One would think that the healthcare system would learn from the initial onslaught of this virus and be more prepared (i.e. resource allocation) for the next massive surge; from my point of view, this does not seem to be the case.
Also, for some reason, despite some nurses experiencing the immense death and tragedy head on, they are protesting and quitting/being fired instead of getting vaccinated against the very virus they are trying to fight. Some nurses even compare this mandate to the rights being taken away from those who were Jewish in Nazi Germany...ummm excuse me, that’s a little extreme, don’t you think?
This is the complete truth and not my perspective: those who are vaccinated are less likely to get COVID; if they do get COVID they are less likely to experience a fatal outcome. Those who are unvaccinated have a high chance of experiencing adverse health outcomes and will most likely die. Almost all of the patients I am caring for now, who have contracted COVID and who are unvaccinated, end up being ventilated and a good majority of them die in the ICU.
Burnout
Nurses are leaving bedside nursing in droves; and I do not blame them. At this point in time, this job honestly sucks. I have gone from enjoying my job, saving lives, and working to make lasting positive impacts on the lives of my patients to having constant anxiety attacks, counting down the minutes until I clock out, and praying that all of my patients make it to the end of my shift alive.
The amount of death we see and stress we undergo is immense.
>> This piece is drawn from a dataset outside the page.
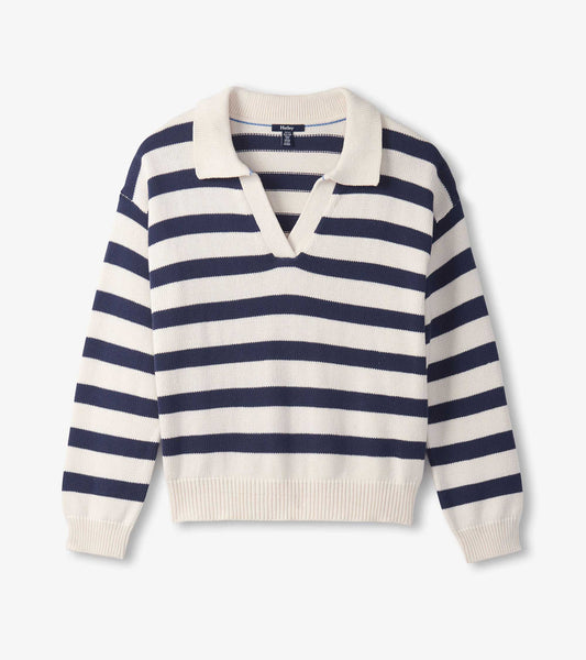 Tricot à col Johnny pour femme – Rayures nautiques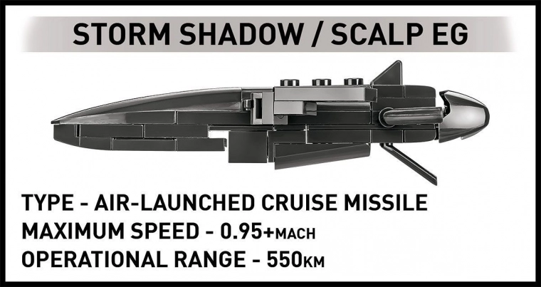 - Zdejmowane i konfigurowalne uzbrojenie: dwa pociski Storm Shadow (SCALP‑EG), rakiety AIM‑9 Sidewinder i AIM‑120 AMRAAM

If medical professionals did not have mental health issues before 2020, they certainly do now. This, along with the amount of stress, unsafe working environments, constant 16-hour shift mandates, and little pay is what is leading nurses to jump ship across the board.
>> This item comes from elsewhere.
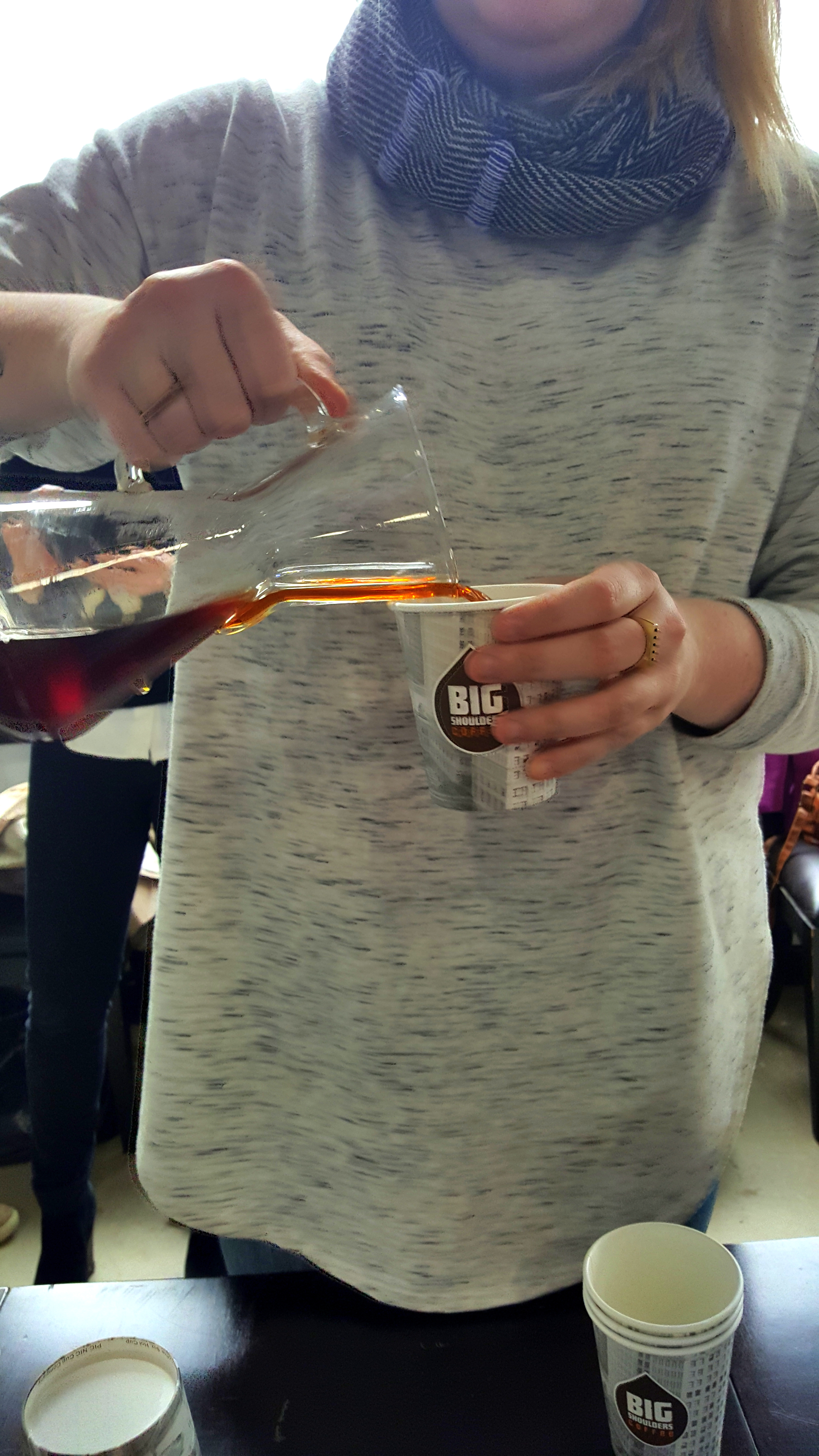 We studied the intricacies of brewing the perfect cup two weekends ago at the Windy City Blogger Collective private roasting session at Big Shoulders Coffee. Founder, Tim Coonan, gave us an all bean access tour of The Roastery, where Big Shoulders coffee beans are delicately processed, like a green coffee caterpillar becoming an espresso butterfly. As an artisanal micro-roaster, the company builds fair trade relationships and creates unique crafted blends and single origin coffees with bold tastes (herbs, toffee, dark chocolate) .

The staffing department constantly calls nurses at home, who are on their day off, asking if they can come in to pick up a 4-hour shift. 4 hours, that’s nothing, why not go in? The issue now lies with the fact that the staffing department is mandating those who volunteer to come in and help out on the floor for 4 hours, to work an additional 4-8 hours. So you’re going to punish someone who volunteered to help when they did not have to? It is no wonder why we are all ignoring phone calls when we see the staffing department show up on our Caller ID.
Family
Another reason nurses are leaving is because they are missing out on a sense of normalcy outside of the hospital and the important people in their lives. The constant mandates make it so nurses are at the hospital more hours a week than they are with their families. When they are not at the hospital, they are sleeping constantly.
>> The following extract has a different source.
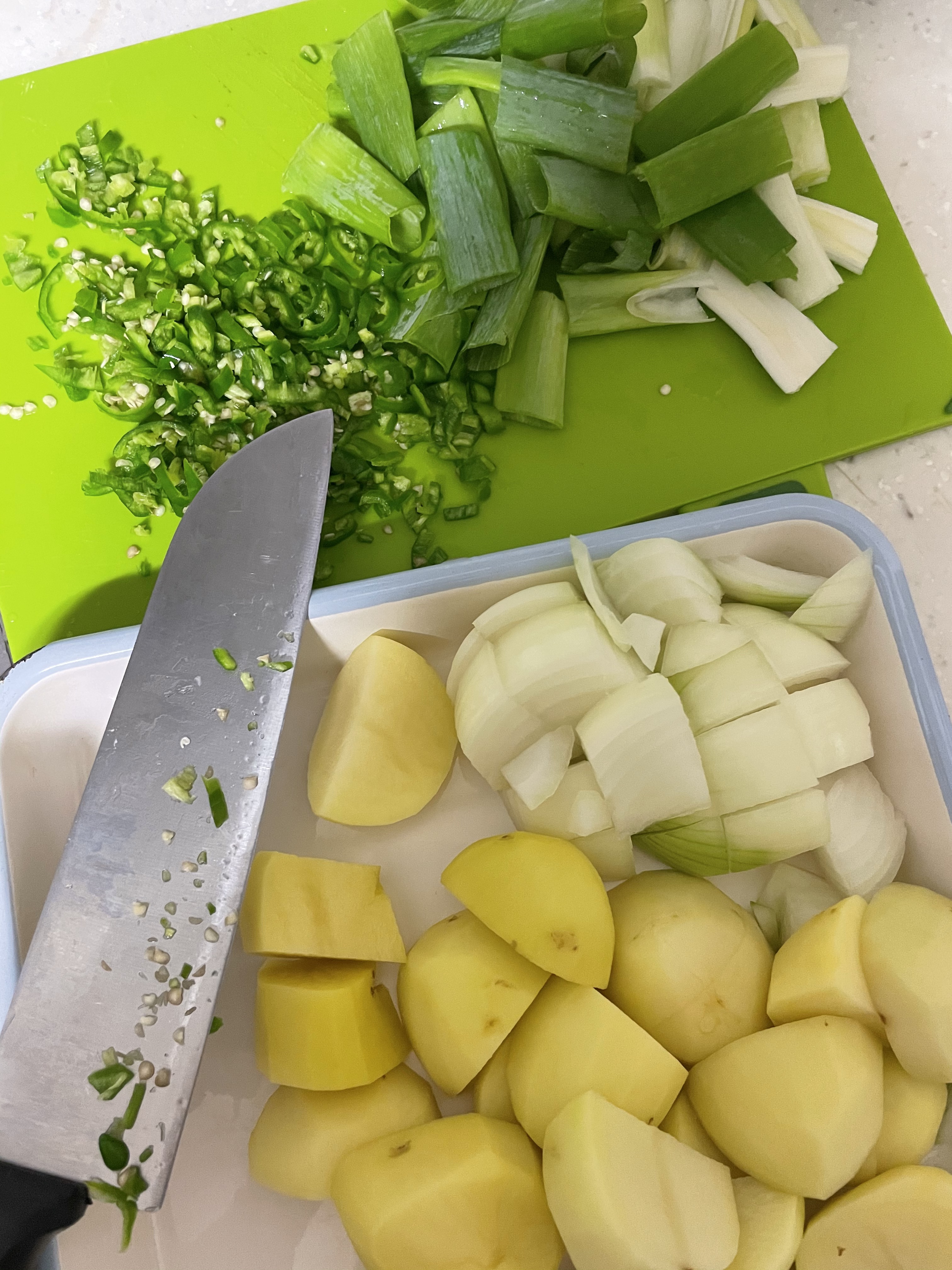 양파 한 개, 감자 서너개, 대파 한 개, 청양고추 취향껏, 물 600ml

I applaud those who are able to have a social life all while working 45+ hours a week; I want to know the secret.
Nurses are missing out on: birthdays, holidays, anniversaries, funerals, and the normalcy of having a social life and being with humans other than coworkers or patients.
The hospital is a scary place, as it has been for a while now. Everyone, from PCTs and Phlebotomists to Respiratory Therapists and Medical Providers, is doing their best but we are all functioning on fumes at this point. Despite having faced COVID head on in 2020, hospitals are not equipped to handle such a situation again; the situation is getting worse despite what most might hear on the news. If the New England region has States with some of the highest vaccination rates and I am experiencing COVID the way I am currently, I cannot imagine what the life of a medical professional is down in the southern states. What is it going to take for people to realize that COVID is not going anywhere without compliance, a death of a close friend? I’ll tell you right now, that even the death of a spouse or a family member will not change the minds of those so politically motivated or brainwashed; it happens too often. Being in healthcare is mentally/physically/emotionally exhausting to say the least, which is why I can say Nursing is My Cardio.